To do :: Exactly and only the lines below from the one containing "Core Beacons is" down to the one containing "Strongly moisturizing vitamin" are wanted, both included; please exclude every picture.

** Opening Extracted records block **

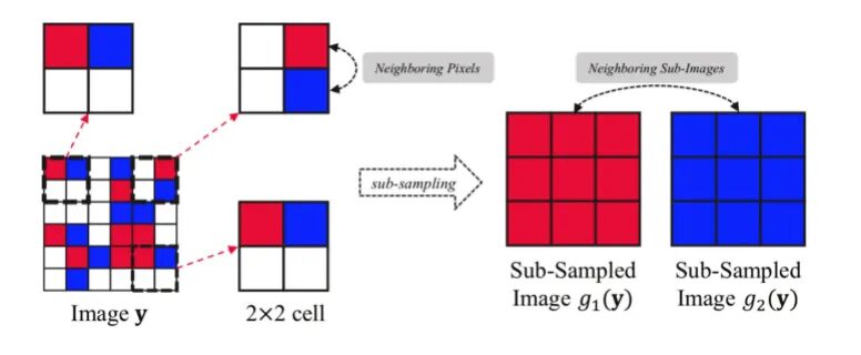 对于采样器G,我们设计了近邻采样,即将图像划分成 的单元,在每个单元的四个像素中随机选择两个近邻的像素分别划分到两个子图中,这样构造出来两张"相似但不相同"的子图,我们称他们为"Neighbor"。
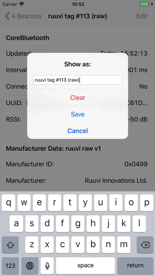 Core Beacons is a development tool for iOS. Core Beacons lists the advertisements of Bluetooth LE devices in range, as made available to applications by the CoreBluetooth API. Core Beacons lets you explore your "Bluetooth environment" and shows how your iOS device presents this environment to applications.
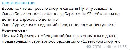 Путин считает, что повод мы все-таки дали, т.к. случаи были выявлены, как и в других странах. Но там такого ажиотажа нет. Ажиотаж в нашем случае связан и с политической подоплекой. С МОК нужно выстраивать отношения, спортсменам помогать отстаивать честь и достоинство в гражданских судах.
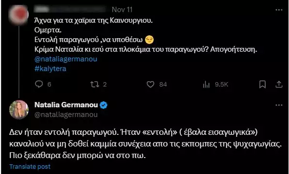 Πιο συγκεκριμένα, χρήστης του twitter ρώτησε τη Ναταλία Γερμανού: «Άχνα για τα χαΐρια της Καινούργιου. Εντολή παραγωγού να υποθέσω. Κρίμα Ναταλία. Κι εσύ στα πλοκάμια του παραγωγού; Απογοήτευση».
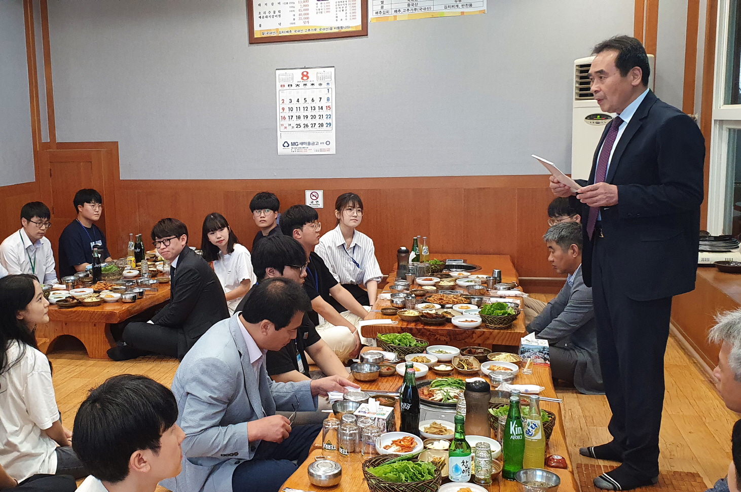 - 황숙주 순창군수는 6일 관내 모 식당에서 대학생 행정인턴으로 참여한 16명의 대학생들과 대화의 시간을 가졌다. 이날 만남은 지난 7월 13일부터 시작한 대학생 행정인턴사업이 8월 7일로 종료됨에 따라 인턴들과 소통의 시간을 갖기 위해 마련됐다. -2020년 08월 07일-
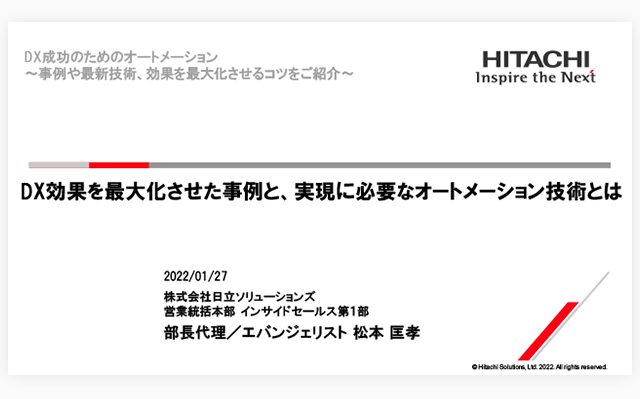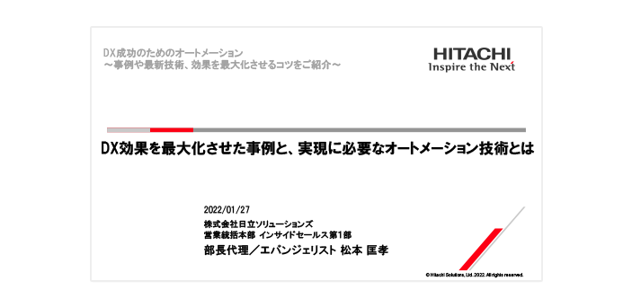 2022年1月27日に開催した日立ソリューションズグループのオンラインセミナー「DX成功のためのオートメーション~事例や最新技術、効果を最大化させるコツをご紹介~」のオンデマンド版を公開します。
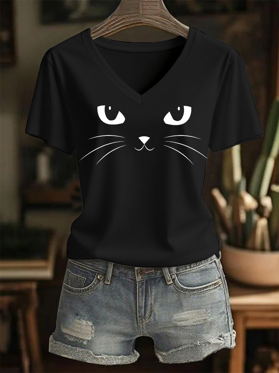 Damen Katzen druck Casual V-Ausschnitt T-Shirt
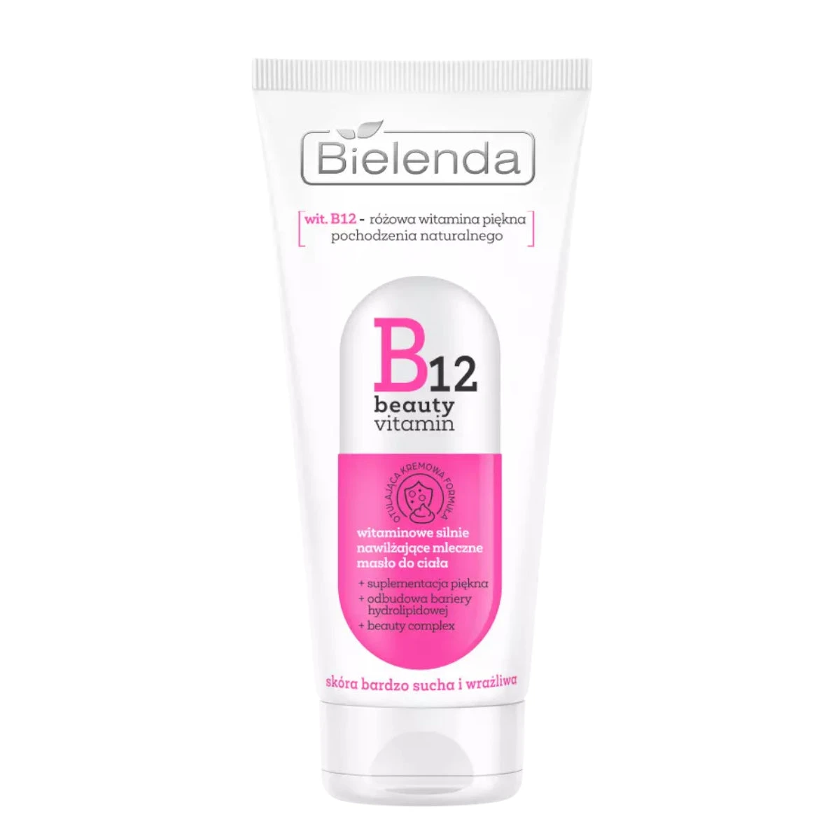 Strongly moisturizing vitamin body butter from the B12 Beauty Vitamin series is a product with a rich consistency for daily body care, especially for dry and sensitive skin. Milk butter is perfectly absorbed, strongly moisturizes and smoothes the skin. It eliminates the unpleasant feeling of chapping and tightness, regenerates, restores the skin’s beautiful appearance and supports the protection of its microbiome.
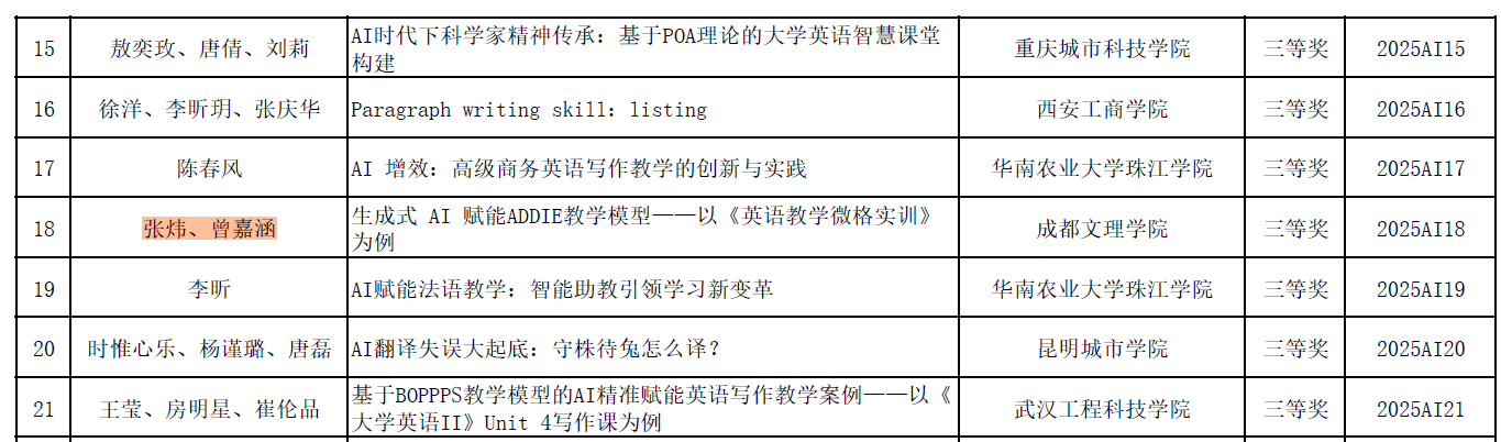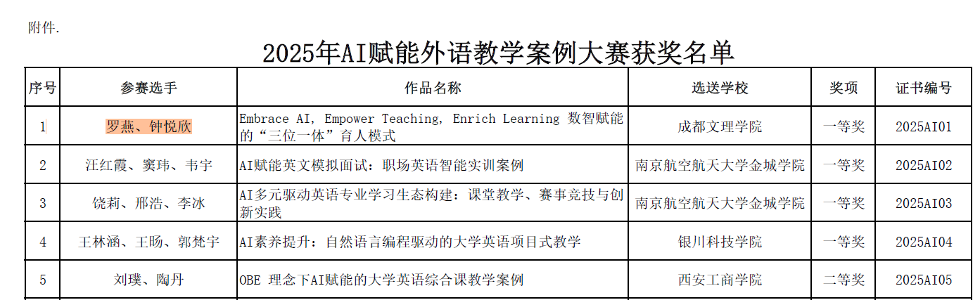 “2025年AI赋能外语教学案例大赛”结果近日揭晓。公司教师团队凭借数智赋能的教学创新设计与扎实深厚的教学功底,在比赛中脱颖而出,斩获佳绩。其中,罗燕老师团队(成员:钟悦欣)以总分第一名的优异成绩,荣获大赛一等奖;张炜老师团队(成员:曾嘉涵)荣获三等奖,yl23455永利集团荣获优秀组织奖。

** Closing Extracted records block **
** Opening Extracted records block **

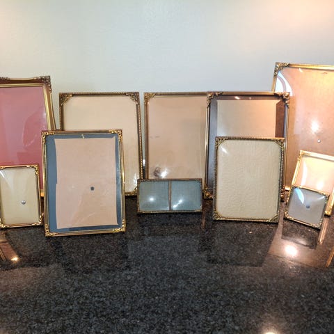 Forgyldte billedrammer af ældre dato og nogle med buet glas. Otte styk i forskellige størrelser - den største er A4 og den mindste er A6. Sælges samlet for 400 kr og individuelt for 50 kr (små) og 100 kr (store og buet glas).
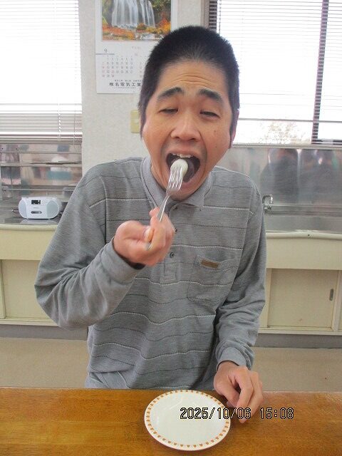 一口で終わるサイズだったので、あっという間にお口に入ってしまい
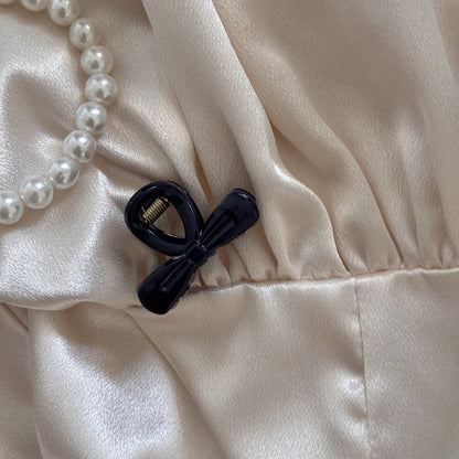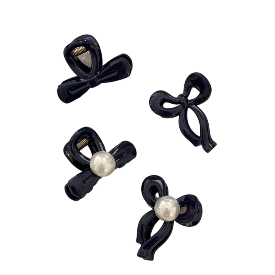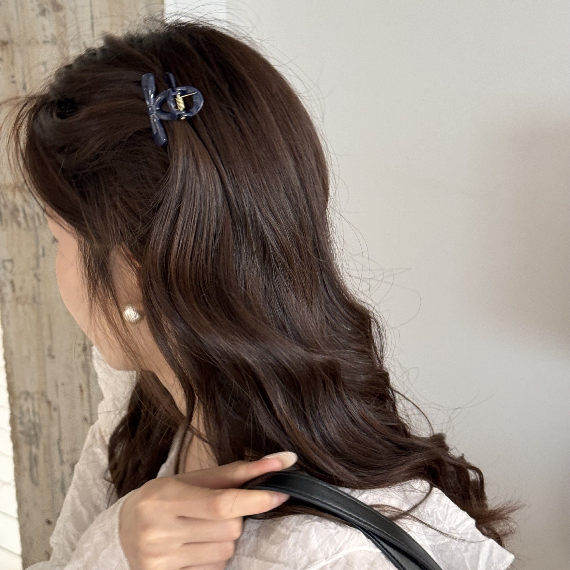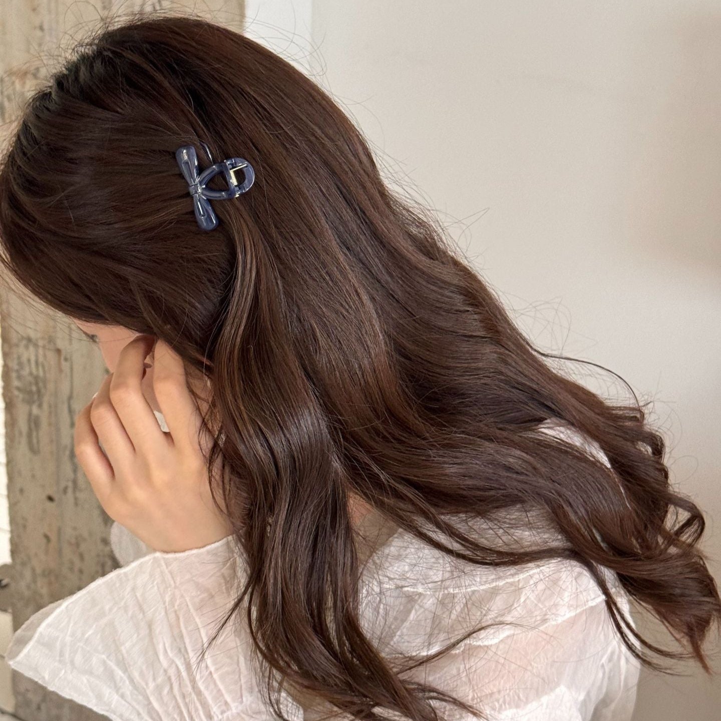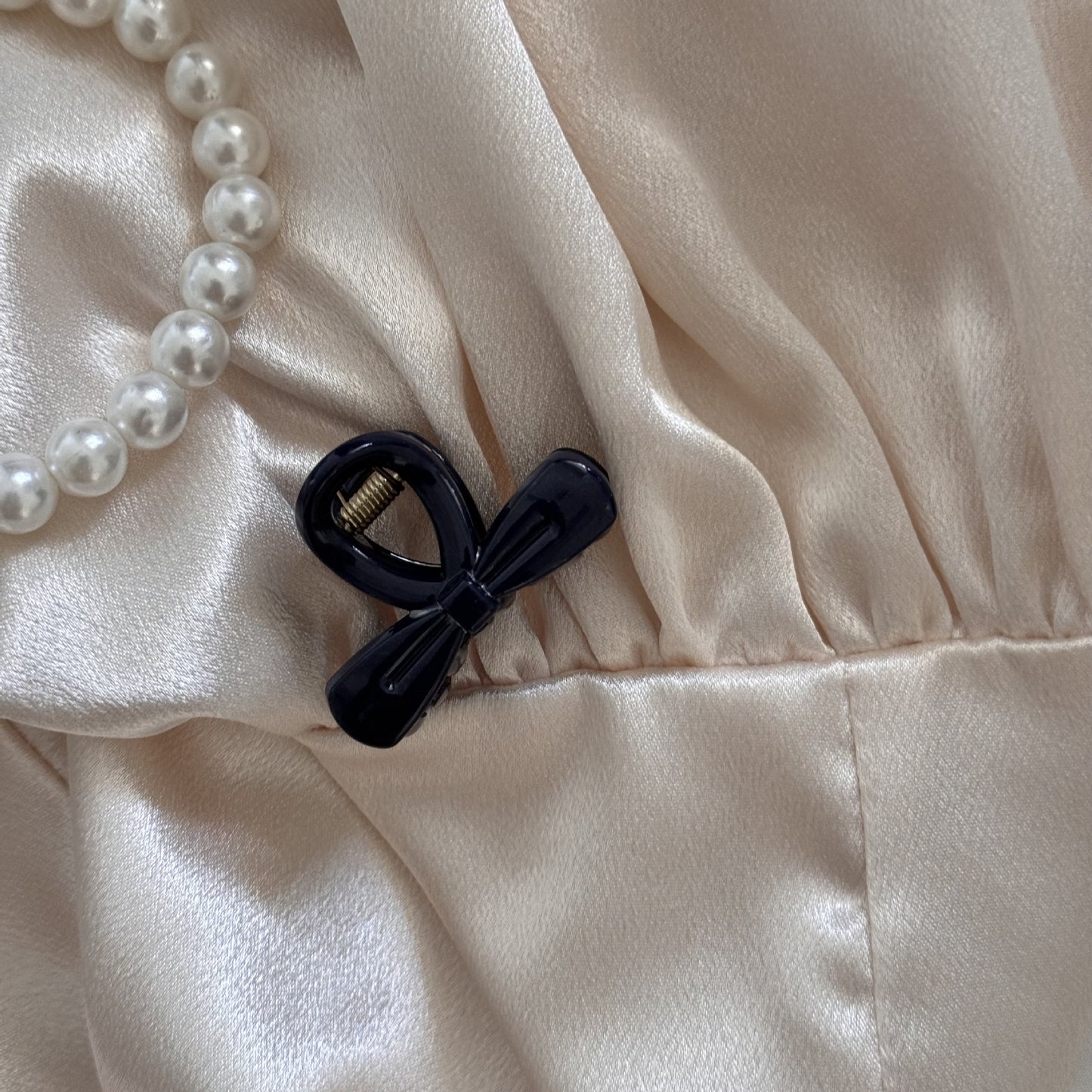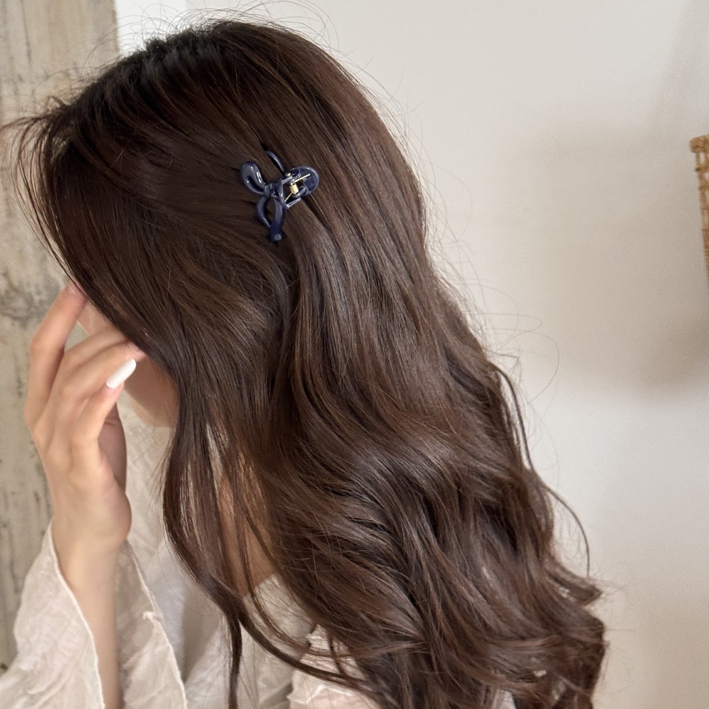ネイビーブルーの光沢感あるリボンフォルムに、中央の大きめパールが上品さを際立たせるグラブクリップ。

** Closing Extracted records block **
** Opening Extracted records block **

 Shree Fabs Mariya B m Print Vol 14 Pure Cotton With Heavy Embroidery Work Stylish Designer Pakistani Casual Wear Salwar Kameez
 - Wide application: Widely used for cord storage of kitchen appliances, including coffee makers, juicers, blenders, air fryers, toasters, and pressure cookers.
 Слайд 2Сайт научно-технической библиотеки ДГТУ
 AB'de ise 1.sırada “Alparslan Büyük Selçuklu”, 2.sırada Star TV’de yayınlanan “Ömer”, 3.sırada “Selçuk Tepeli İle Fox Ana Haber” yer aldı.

** Closing Extracted records block **

Answer section ::
 Core Beacons is a development tool for iOS. Core Beacons lists the advertisements of Bluetooth LE devices in range, as made available to applications by the CoreBluetooth API. Core Beacons lets you explore your "Bluetooth environment" and shows how your iOS device presents this environment to applications.
 Путин считает, что повод мы все-таки дали, т.к. случаи были выявлены, как и в других странах. Но там такого ажиотажа нет. Ажиотаж в нашем случае связан и с политической подоплекой. С МОК нужно выстраивать отношения, спортсменам помогать отстаивать честь и достоинство в гражданских судах.
 Πιο συγκεκριμένα, χρήστης του twitter ρώτησε τη Ναταλία Γερμανού: «Άχνα για τα χαΐρια της Καινούργιου. Εντολή παραγωγού να υποθέσω. Κρίμα Ναταλία. Κι εσύ στα πλοκάμια του παραγωγού; Απογοήτευση».
 - 황숙주 순창군수는 6일 관내 모 식당에서 대학생 행정인턴으로 참여한 16명의 대학생들과 대화의 시간을 가졌다. 이날 만남은 지난 7월 13일부터 시작한 대학생 행정인턴사업이 8월 7일로 종료됨에 따라 인턴들과 소통의 시간을 갖기 위해 마련됐다. -2020년 08월 07일-
 2022年1月27日に開催した日立ソリューションズグループのオンラインセミナー「DX成功のためのオートメーション~事例や最新技術、効果を最大化させるコツをご紹介~」のオンデマンド版を公開します。
 Damen Katzen druck Casual V-Ausschnitt T-Shirt
 Strongly moisturizing vitamin body butter from the B12 Beauty Vitamin series is a product with a rich consistency for daily body care, especially for dry and sensitive skin. Milk butter is perfectly absorbed, strongly moisturizes and smoothes the skin. It eliminates the unpleasant feeling of chapping and tightness, regenerates, restores the skin’s beautiful appearance and supports the protection of its microbiome.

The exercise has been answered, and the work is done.